Colorectal Surgery Revenue Cycle Overview
Colon and rectal surgery revenue comes from two distinct streams: high-volume endoscopy (colonoscopy and flexible sigmoidoscopy) and lower-volume, higher-value surgical cases (colectomy, hemorrhoidectomy, complex anorectal procedures). For most colorectal surgeons, endoscopy generates 60% to 70% of total charges and 50% to 60% of collected revenue. Surgical cases generate 30% to 40% of charges but a disproportionate share of revenue due to higher per-case reimbursement. Managing both revenue streams requires different KPIs and different benchmarks.
Colonoscopy Volume and Revenue Metrics
Track colonoscopy volume per physician per week. A full-time colorectal surgeon performing two endoscopy days per week should complete 16 to 30 colonoscopies per week depending on case complexity and scheduling efficiency. Average revenue per colonoscopy (including polyp removal when performed) should be $350 to $550 for the professional component. If average revenue falls below $300, investigate whether polyp removal add-on codes are being missed, whether screening colonoscopies are being billed at zero reimbursement rates due to coding errors, or whether payer contract rates are below market.
Surgical Case Revenue
Track surgical case revenue per procedure type. Laparoscopic colectomy (44204) should collect $1,000 to $1,400 per case after contractual adjustments. Open colectomy (44140) should collect $1,100 to $1,600. Hemorrhoidectomy (46250-46262) should collect $350 to $800 depending on complexity. Anorectal procedures (fistulotomy, abscess drainage, sphincteroplasty) average $300 to $700 per case. If collections fall below these ranges, review payer contracts for below-market rates and investigate whether modifier 22 is being used appropriately for complex cases that exceed typical operative time.
Case Mix Analysis
The ratio of screening colonoscopy to diagnostic colonoscopy to surgical cases affects overall revenue per encounter. Screening colonoscopies generate lower per-case revenue but higher volume. Diagnostic colonoscopies with polypectomy generate higher per-case revenue. Surgical cases generate the highest per-case revenue but lowest volume. Track the case mix monthly. A healthy colorectal practice case mix is approximately 40% screening colonoscopy, 35% diagnostic colonoscopy with intervention, and 25% surgical cases. Shifts in case mix (more screening, fewer surgeries) reduce average revenue per encounter and require volume increases to maintain total revenue.

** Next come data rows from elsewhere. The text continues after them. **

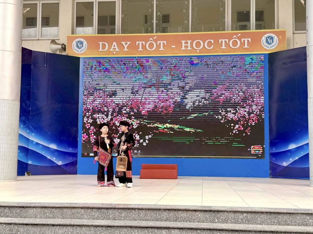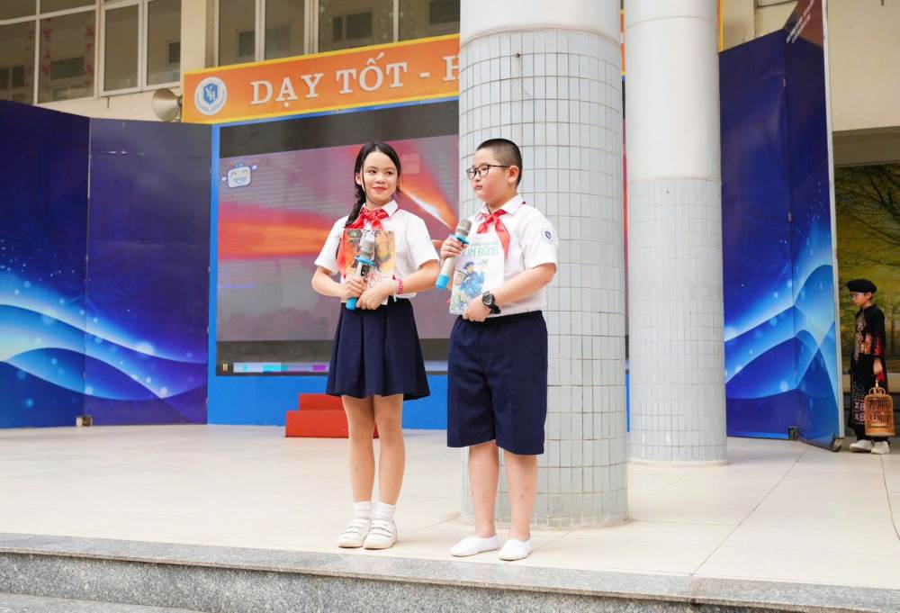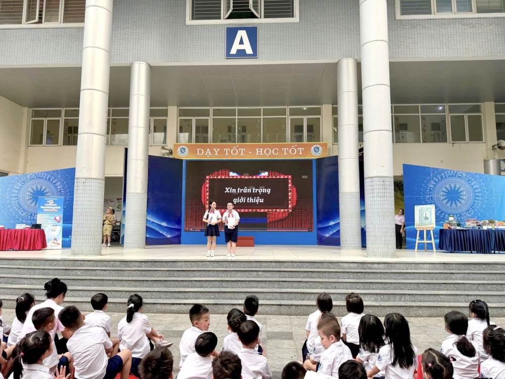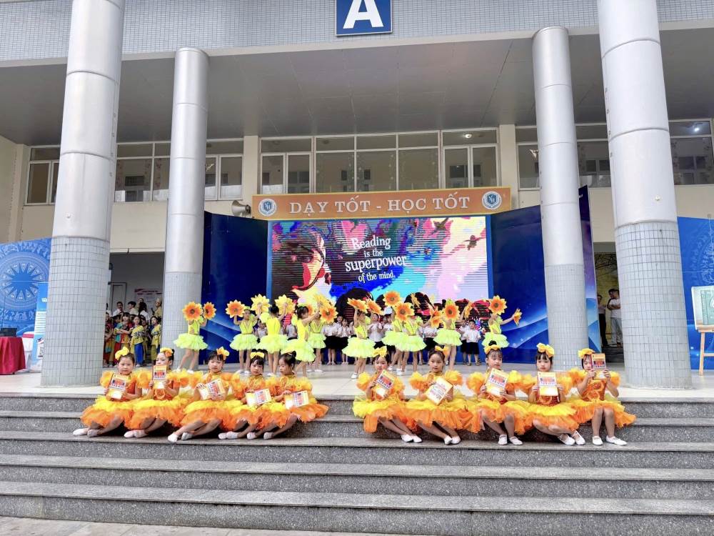 Mở đầu chương trình là những tiết mục văn nghệ đặc sắc chào mừng ngày hội. Giai điệu trong trẻo, hồn nhiên của bài hát “Trang sách hồng yêu thương” do các em học sinh lớp 1A3 và 1A4 biểu diễn đã mang đến không khí tươi vui, rộn ràng. Tiếp nối là tiết mục “Bắc kim thang” do học sinh nhà trường thể hiện, tạo nên những phút giây sinh động, cuốn hút và đầy cảm xúc.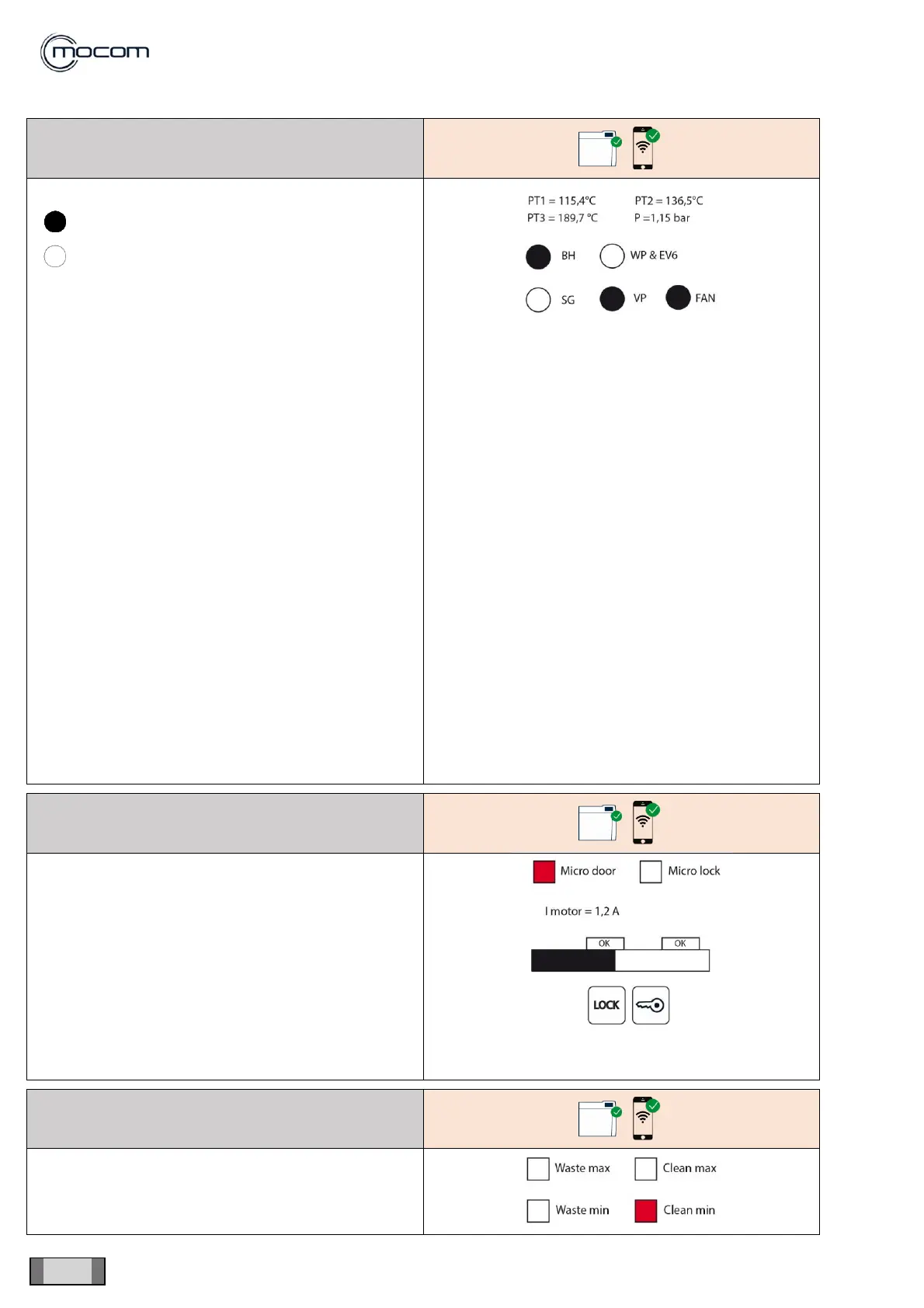 - the status of the closing system microswitches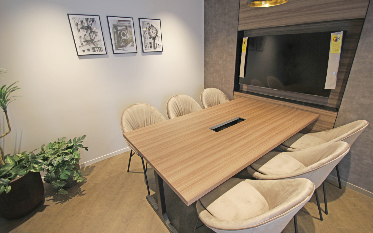 大型モニターを備えた会議室は、木目調のテーブルとベージュのチェアで統一され、落ち着いた雰囲気の中でのプレゼンテーションや商談に最適です。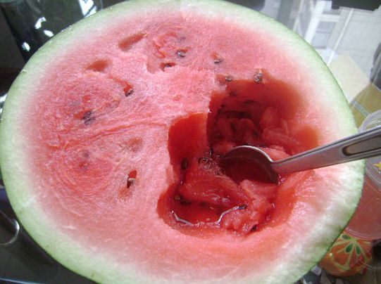La imagen más típica del verano pekinés es un señor mayor con camiseta imperio arremangada (enseñando la barriga) comiendo sandía y abanicándose con un pai-pai de bambú, pero como no he encontrado ninguna foto así pongo esta de la sandia nada más.
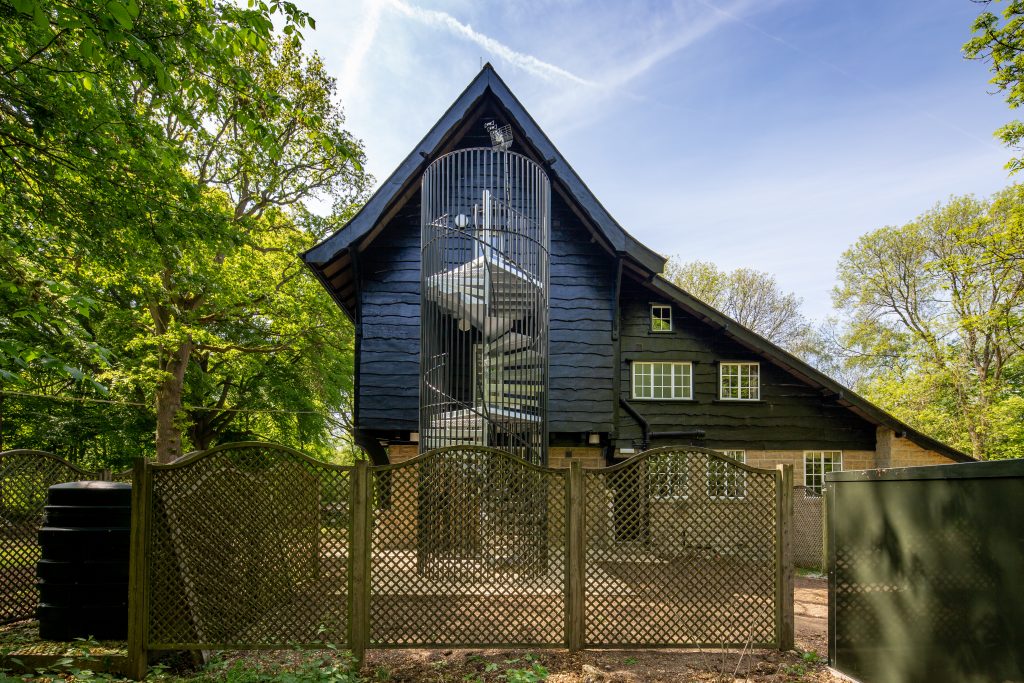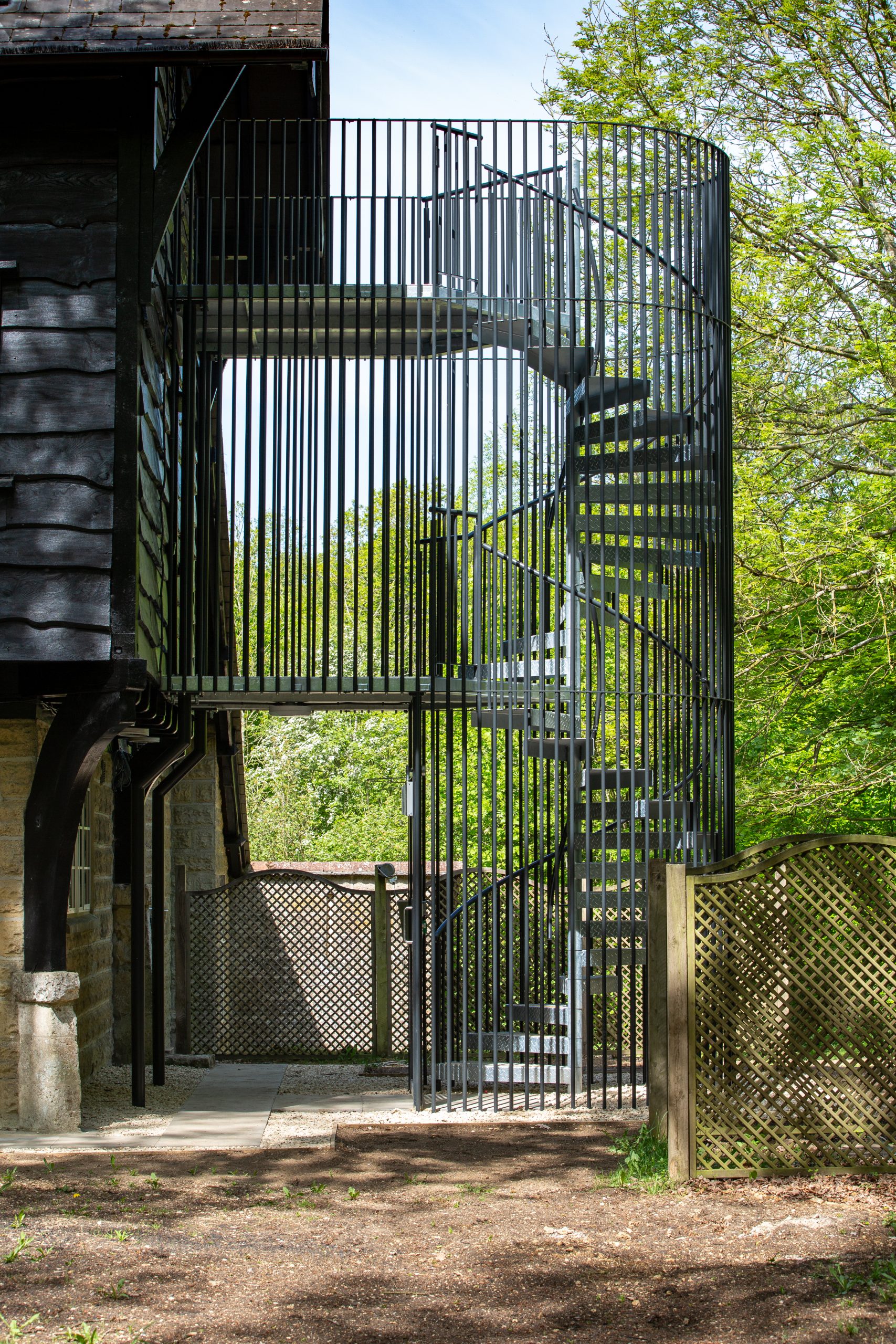 This stair formed part of our design portion for the project and we employed Spiral UK for this purpose. Between the architect, Richard Ward, and Spiral UK we came up with a stunning solution to the problem that blends harmoniously with the existing building and adds character in its own right – https://www.spiral.uk.com/case-studies/wytham-chalet-oxford-university

Days in Accounts Receivable
Target AR days of 28 to 35 for colonoscopy claims and 35 to 45 for surgical claims. Colonoscopy claims should process quickly because they are high-volume, well-defined procedures with predictable reimbursement. Surgical claims take longer due to higher dollar values, more complex coding, and increased payer review. If colonoscopy AR exceeds 35 days, the most likely cause is screening versus diagnostic classification disputes. If surgical AR exceeds 50 days, investigate prior authorization delays and global period coding issues.
Collection Rate Benchmarks
Net collection rate (payments received divided by allowed amounts) should be 96% or higher for colonoscopy and 93% or higher for surgical cases. Surgical cases have slightly lower collection rates due to higher patient responsibility amounts and more complex payer adjudication. Track the gap between charges and allowed amounts (contractual adjustment percentage) separately from the gap between allowed amounts and payments (collection efficiency). A high contractual adjustment percentage (above 60%) suggests that fee schedule charges are set appropriately above contracted rates, which is correct. A low collection efficiency (below 93%) suggests revenue leakage that needs investigation.
ASC Revenue Opportunity
Colorectal surgeons who own or co-own ambulatory surgical centers capture both the professional fee and a share of the facility fee for colonoscopy. The facility fee for colonoscopy at an ASC ranges from $500 to $900 depending on the payer. This effectively doubles or triples the per-colonoscopy revenue compared to performing the procedure at a hospital outpatient department where the facility fee goes to the hospital. Track ASC utilization rate (percentage of eligible colonoscopies performed at the ASC versus hospital) as a key revenue metric. Target 80% or higher ASC utilization for screening and low-complexity diagnostic colonoscopies.